-2

I have a dataset that consists of two Date columns. Both of the date columns are in reference to different events happening. I want to generate a dummy variable that equals 1 if both of the dates and time match. For example, if one date is (YY/MM/DD Format) 17/05/01 19:30:00 and another is 17/05/01 19:30:00 in the other date column then the dummy variable equals 1.
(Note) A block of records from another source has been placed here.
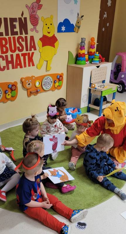 18 stycznia 1882 roku urodził się pisarz Alan Aleksander Milne. Rocznica urodzin autora „Misia o bardzo małym rozumku” stała się okazją do ustanowienia 18 stycznia Międzynarodowym Dniem Kubusia Puchatka. Nasze Maluszki postanowiły uczcić ten dzień i poświętować wspólnie z Kubusiem Puchatkiem. W tym wesołym dniu dzieci poznały przyjaciół ze Stumilowego Lasu. Główki dzieci przyozdobione były w Kubusiowe opaski. Cały dzień był pełen atrakcji.
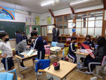2月24日(金)、6年生を送る会のための6年生に送るプレゼントづくりも終盤です。出来上がったグループもあります。心のこもったプレゼントができ上がりそうです。
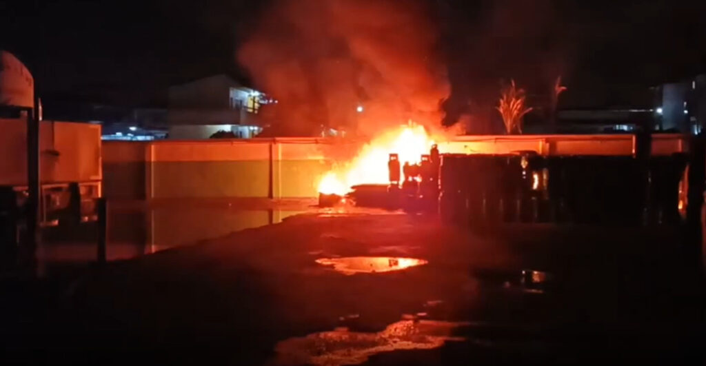 ส่วนด้านโรงงาน เพลิงลุกไหม้อย่างรุนแรง ทั้งตัวอาคาร ถังก๊าซ ยางรถยนต์ที่ใช้รองถังก๊าซ และรถยนต์ที่บรรทุกถังก๊าซ ด้านในโรงงานมีถังก๊าซขนาดใหญ่ เจ้าหน้าที่สั่งอพยพและปิดกั้นพื้น เนื่องจากยังคงมีกลิ่นก๊าซรั่วไหลรุนแรง ใช้เวลากว่า 1 ชั่วโมงจึงควบคุมสถานการณ์และปิดวาล์วก๊าซได้
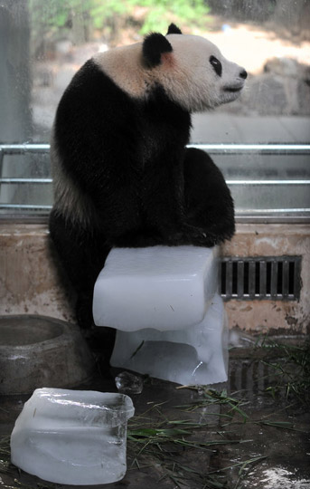 2009年7月13日,武汉动物园的大熊猫“希望”用冰块“乘凉”。周超/cfp

I need the dummy variable function to check throughout the entire column of dates and not just against one cell in the date column. I am relatively new to R and I am not explaining this well but say in the first date column the date and time are 19/06/04 14:23:00. I would like the function to check the entire other date column for the exact same date and timestamp and generate the dummy variable off of this.

Any help is appreciated!

  • [See here](https://stackoverflow.com/q/5963269/5325862) on making a reproducible example that is easier for folks to help with. There's no clear example here for anyone to use to help you – camille Jan 17 '22 at 20:16
  • Please provide enough code so others can better understand or reproduce the problem. – Community Jan 27 '22 at 07:51

1 Answers1

0

From your description, I think your columns are datetime and not just dates, correct? It’s an important distinction to make because dates and datetimes are separate classes in R. It’s also helpful if you provide a sample of your data so people can best understand and help. In the future you can use something like dput(head(df, 10)) and copy and paste the output to your question. For this question, I believe what you want should be quite straightforward.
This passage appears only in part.